Chris Beck still has a scar to remind him of the first time he rode a bike. It was a hot day in the summer of 1979, and Chris took a tumble, meeting the country road he’d been riding a moment before.
Chris’s early injury didn’t deter him from getting back on the bike, and soon enough he was catching air on his BMX bike, riding with his brothers around their backyard trails. The brothers built their own jumps to tackle with their BMX bikes. “No distance was too far to ride if there was air to catch.”
Chris’s passion for going “all in” in competition was born in 7th grade, when he broke the school record for the mile in gym class and resolved to, from then on, do things at the front of the pack.

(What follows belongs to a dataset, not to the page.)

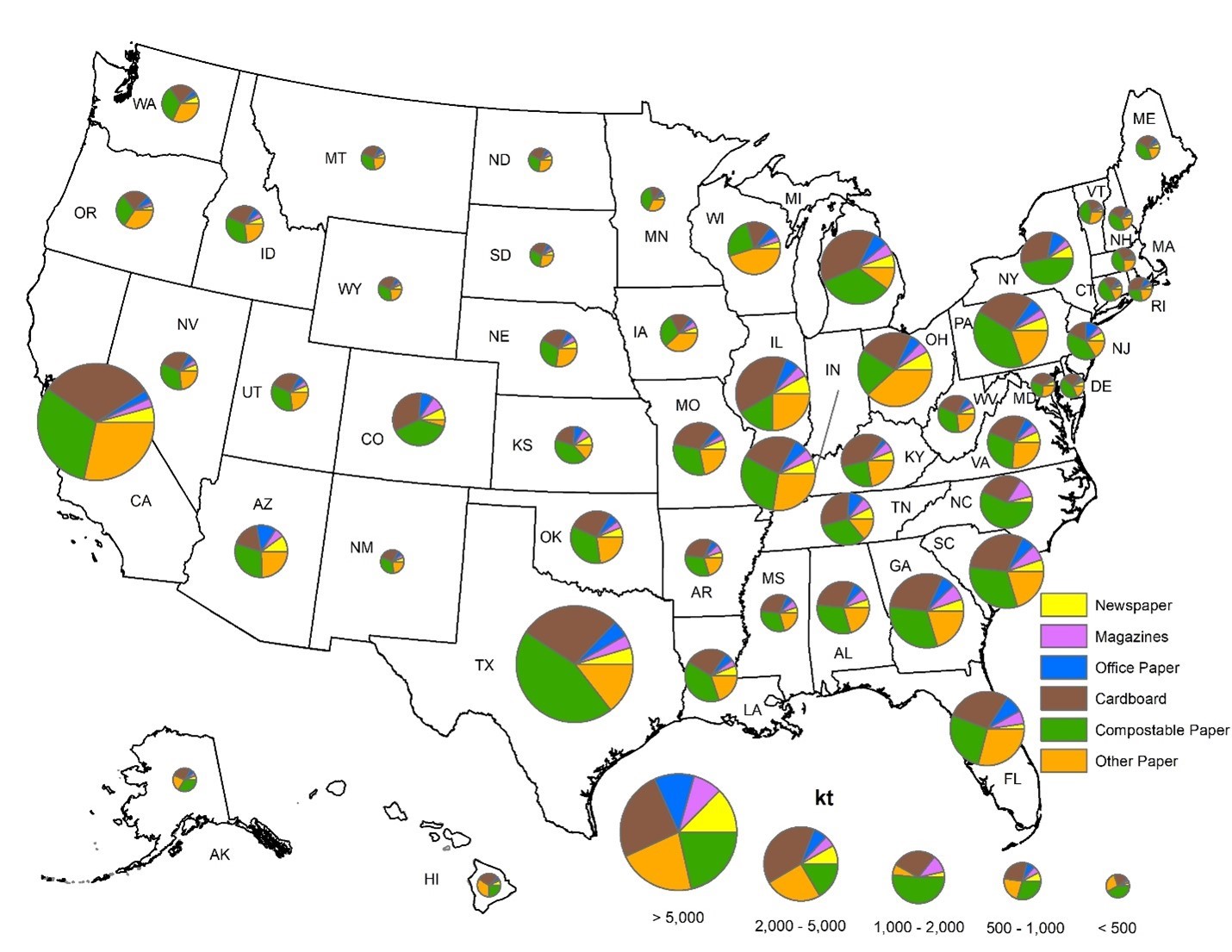 Paper and cardboard waste landfilled in 2019 by type and state. The pie charts’ sizes represent the quantity of landfilled material in kilotons The material types are shown as a percentage of total landfilled material in different colors. Figure by NREL.
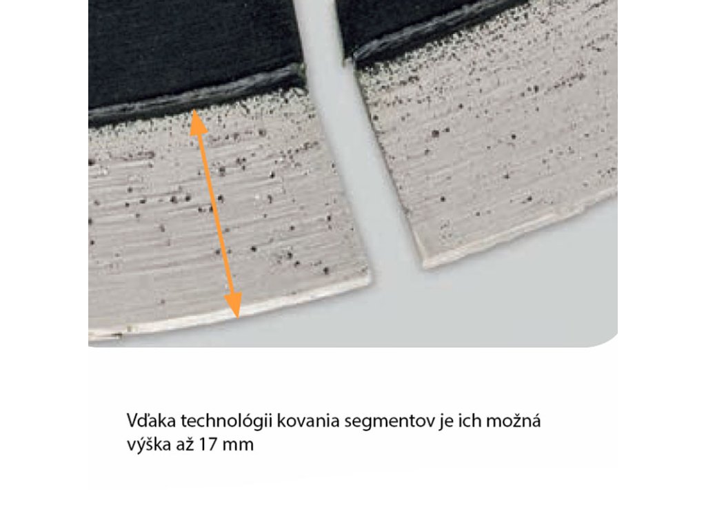 Diamantový řezný kotouč LD410 SPEED Řeže nejtvrdší kámen jako granit čistě a extrémně rychle. Umožňuje to nově vyvinutá technologie kovaných segmentů s vysokou hustotou a bezporézností spoje. Proto se vyznačuje LD410 SPEED v porovnání s konvekčními diamantovými kotouči enormní rychlostí řezání a životností. Lepší vlastnosti spoje segmentů a ocelového jádra vedou ke snížení nebezpečí rozlomení. Díky rovnoměrnému a úzkému rozestupu mezi segmenty je zatížení vibracemi minimalizováno. Nově vyvinutá kovářská technologie umožňuje výšku segmentů až 17 mm. Materiál: tvrdý přírodní kámen (např. granit) armovaný beton vymývyný beton stavební materiály, cihla, šamot Příklady použití: dlažební kameny sklepní dlažby spojovací dlažba otvory ve stěnách řezání dlažeb okenní otvory schody BRAINTOOLS - jsou zvláště inovované výrobky s jedinečnou použitelností a bezproblémovým řešením.Doplňkové parametry

As a college student, he worked summers in construction. His boss drove a sports car, to which he had had a chromed-out GT Zaskar with mag wheels permanently mounted on the roof rack. The boss said it “made his ride look good,” but Chris had other plans for that bike. A month’s wages later, he was shredding the local trails after work every day with that bike that had, until then, been an eccentric hood ornament.
In 2000, Chris rode in his first race, the Susquehanna Scorcher, on his beloved GT Zaskar, and won.
“I pulled a wheelie as I crossed the finish line and fell off the back of the bike. I still can’t pull a proper wheelie.”
After some years of success in MTB, Chris set his sights on the Tour de France, shaved his legs, joined the Trek/VW p/b Joe’s Bike Shop road racing team, and quickly became a hilly road race specialist.
Never content to idle in one specialty too long, Chris rediscovered his love of the trails after a few years riding circles on the pavement of parking lots. He began racing the MTB circuit in hopes of joining the Trek/VW mountain squad.
“For a few years I chased Chris Eatough, Jeremiah Bishop, and a few other superstars of the sport around the east coast, eventually growing tired of 3rd place. Then I discovered that I had a knack for endurance.”
Chris trained like mad with good friend and 6-time 24-hour world champion Chris Eatough, and catapulted himself to the top of the 100 miles racing scene. The NUE series was born.
Soon after reaching the highest point in his racing career, Chris welcomed his daughter Charlotte in 2009. He’s since been focused on building a coaching business, through which his athletes become his greatest connection the the sport he loves so much.